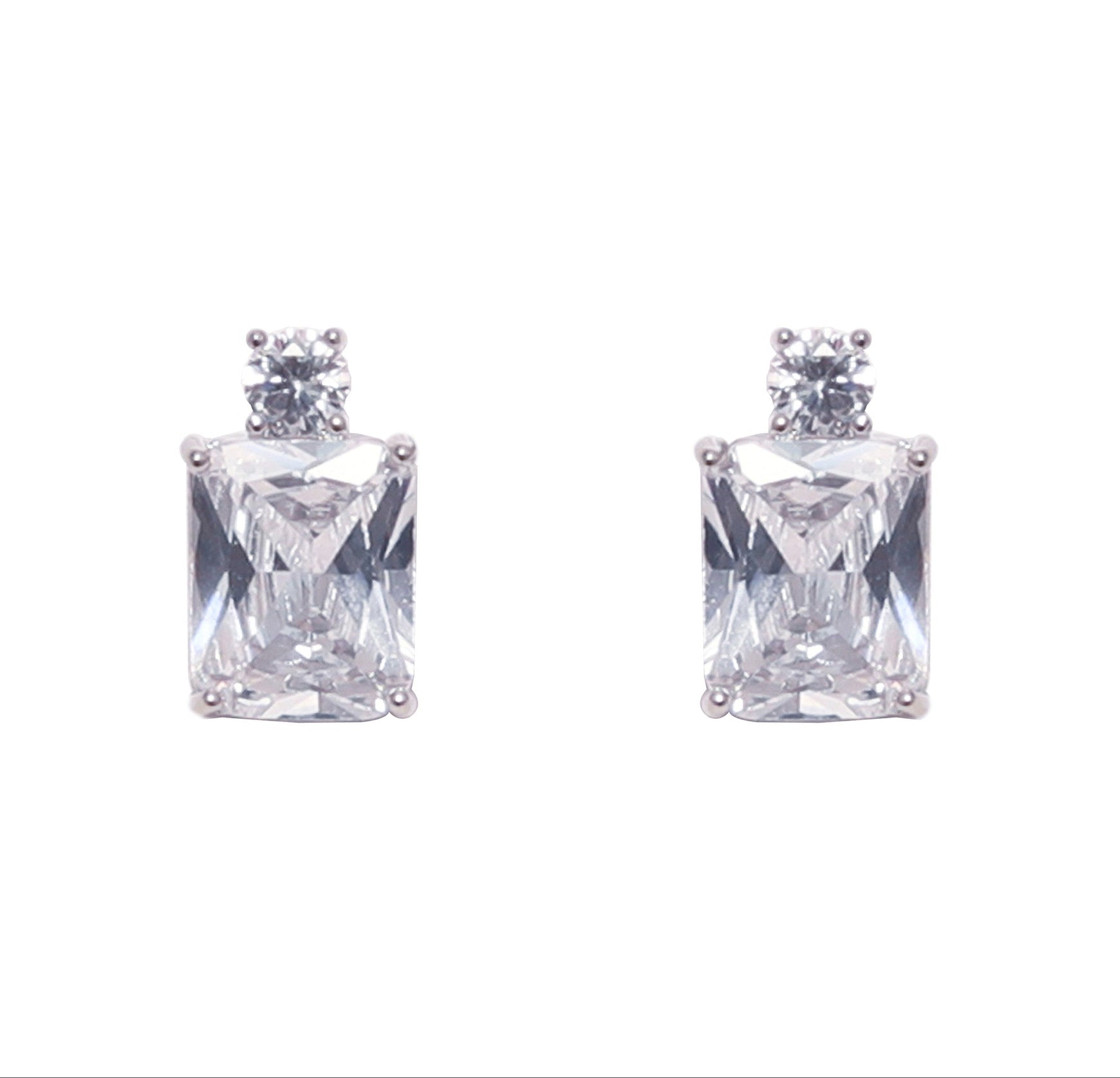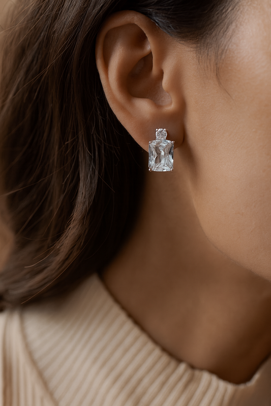 These timeless rectangular stud earrings feature a dazzling emerald-cut crystal topped with a petite round stone, creating a refined two-tier sparkle. Set in a sleek silver-toned frame, they capture light beautifully from every angle — perfect for adding subtle glamour to both day and evening looks.
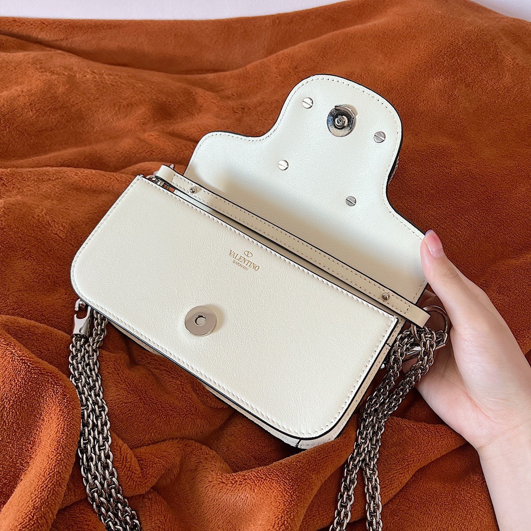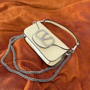 Valentino Loco Small Shoulder White Bag with Crystals Logo
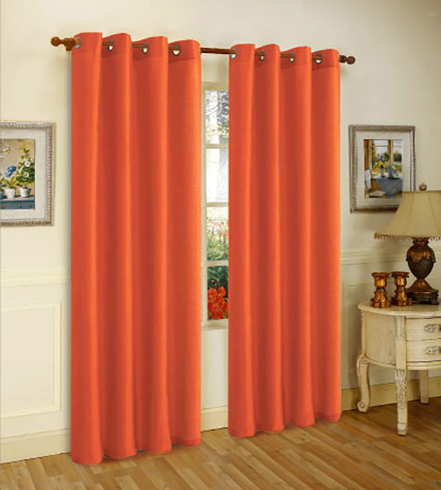 Faux silk panel with 8 bronze grommets will enhance the look of your home. Picture shows two, package contains one. Made with 100% Polyester, Machine wash cold on gently cycle. Do not bleach, dry on low setting, Cool touch up iron if desired, hang dry is also recommended. Color: Terracotta. Size: 55" x 63".
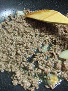 -Once the aroma of the fried chopped condiments come out add the minced meat and fry over a medium high fire.
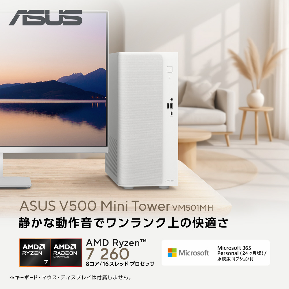 VM501MH-0R7260321TBO デスクトップパソコン V500 Mini Tower ホワイト [モニター無し /Windows11 Home /AMD Ryzen7 /メモリ:32GB /SSD:1TB /Office HomeandBusiness /2026年2月モデル]
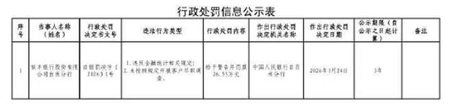 3月25日,中国人民银行自贡市分行行政处罚信息公示表显示,恒丰银行股份有限公司自贡分行因违反金融统计相关规定、未按照规定开展客户尽职调查,被给予警告并处罚款26.55万元。
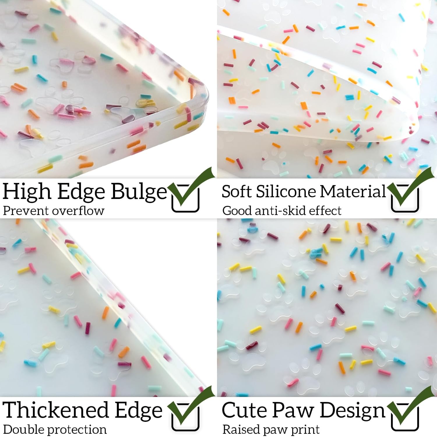 - Neat & Mess-Free: Raised edges with our dog placemat effectively prevent residue spills and splashes, letting mess keep away your floors. The thicker cat mat is perfect for keeping your home clean and tidy. Reduce cleaning time and pressure.

EXERCISE REQUIREMENTS => Leaving aside the images, write out every entry above exactly.

RESPONSE =>
 These timeless rectangular stud earrings feature a dazzling emerald-cut crystal topped with a petite round stone, creating a refined two-tier sparkle. Set in a sleek silver-toned frame, they capture light beautifully from every angle — perfect for adding subtle glamour to both day and evening looks.
 Valentino Loco Small Shoulder White Bag with Crystals Logo
 Faux silk panel with 8 bronze grommets will enhance the look of your home. Picture shows two, package contains one. Made with 100% Polyester, Machine wash cold on gently cycle. Do not bleach, dry on low setting, Cool touch up iron if desired, hang dry is also recommended. Color: Terracotta. Size: 55" x 63".
 -Once the aroma of the fried chopped condiments come out add the minced meat and fry over a medium high fire.
 VM501MH-0R7260321TBO デスクトップパソコン V500 Mini Tower ホワイト [モニター無し /Windows11 Home /AMD Ryzen7 /メモリ:32GB /SSD:1TB /Office HomeandBusiness /2026年2月モデル]
 3月25日,中国人民银行自贡市分行行政处罚信息公示表显示,恒丰银行股份有限公司自贡分行因违反金融统计相关规定、未按照规定开展客户尽职调查,被给予警告并处罚款26.55万元。
 - Neat & Mess-Free: Raised edges with our dog placemat effectively prevent residue spills and splashes, letting mess keep away your floors. The thicker cat mat is perfect for keeping your home clean and tidy. Reduce cleaning time and pressure.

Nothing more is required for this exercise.